Ganesan recently created the Massachusetts AI & Technology Center for Connected Care in Aging and Alzheimer's Disease, a multidisciplinary initiative advancing the use of artificial intelligence and mobile technology for aging and Alzheimer's research that has received $20 million in funding from the National Institute of Aging. He directs the Center for Personalized Health Monitoring (CPHM) at UMass Amherst's Institute for Applied Life Sciences, an interdisciplinary research, training, technology development, and human validation center established with funding from the Commonwealth of Massachusetts. He is a co-leader of the MOSAIC research group at UMass Amherst, which conducts research on sensor systems, networking, and data analytics for health and behavior modeling with a focus on solving real-world problems.
Ganesan was named an ACM Distinguished Scientist in 2019, and was also selected as a Chair of Excellence by the University Carlos III of Madrid the same year.
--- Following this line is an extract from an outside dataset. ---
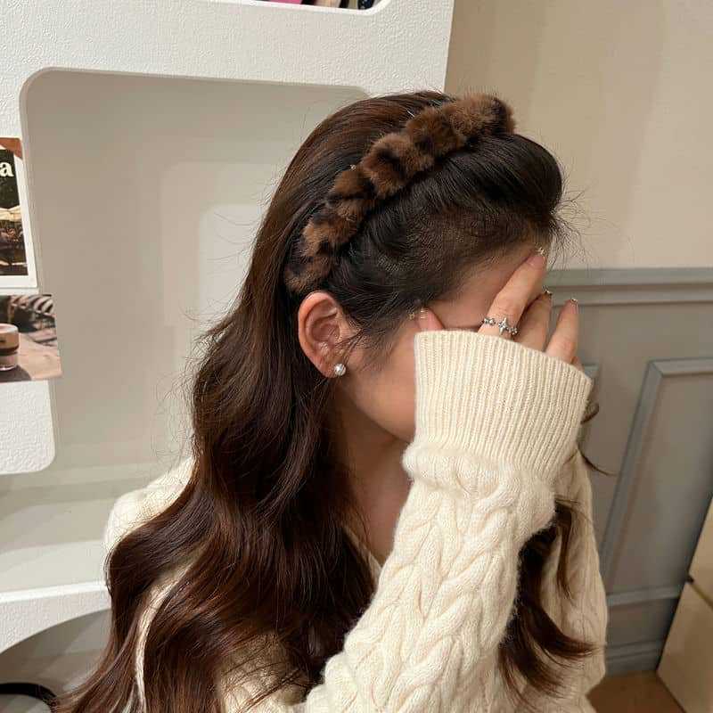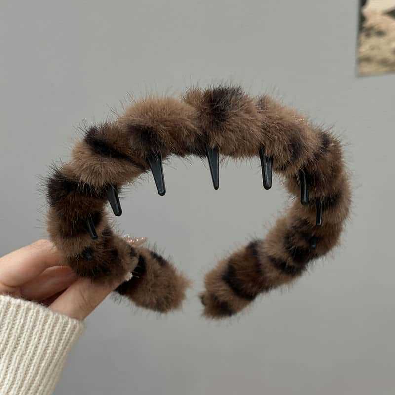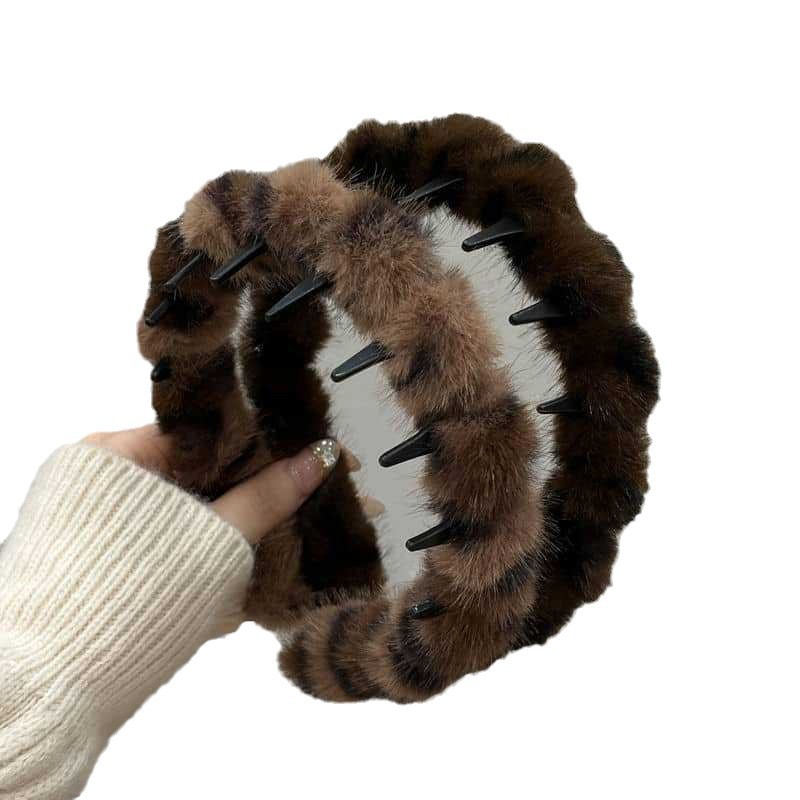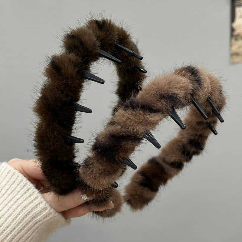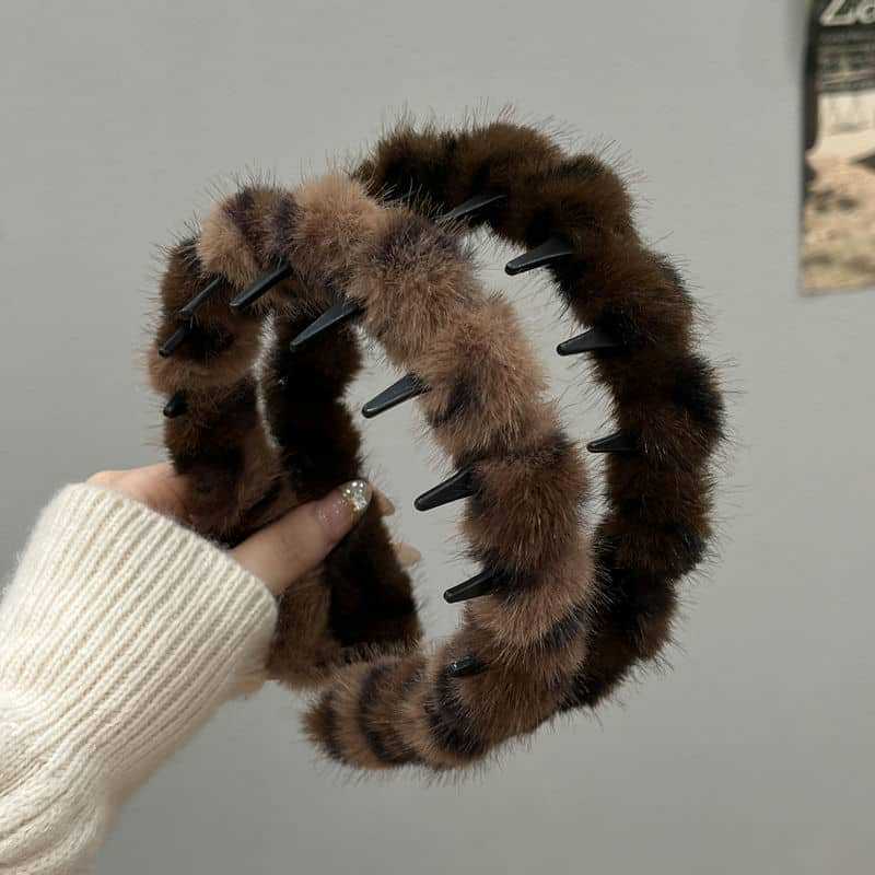 韩系复古豹纹带齿毛绒发箍女防滑洗脸发卡2024年秋冬化妆发饰头箍

He was granted an NSF CAREER award in 2005, an IBM Faculty Partnership award in 2008, Google Research Awards in 2010 and 2017, and a Massachusetts Technology Transfer Center Award in 2017. At UMass Amherst, he was named a Chancellor's New Faculty Fellow in 2008 and a Lilly Teaching Fellow in 2009. He has received best paper awards and award nominations from ACM CHI, ACM MobiSys, ACM Mobicom, ACM Ubicomp, ACM Multimedia and IEEE SECON. Ganesan joined the computer science faculty of UMass Amherst in 2004 and received his doctorate in computer science from the University of California, Los Angeles in 2004, and his bachelor's degree from the Indian Institute of Technology, Madras in 1998.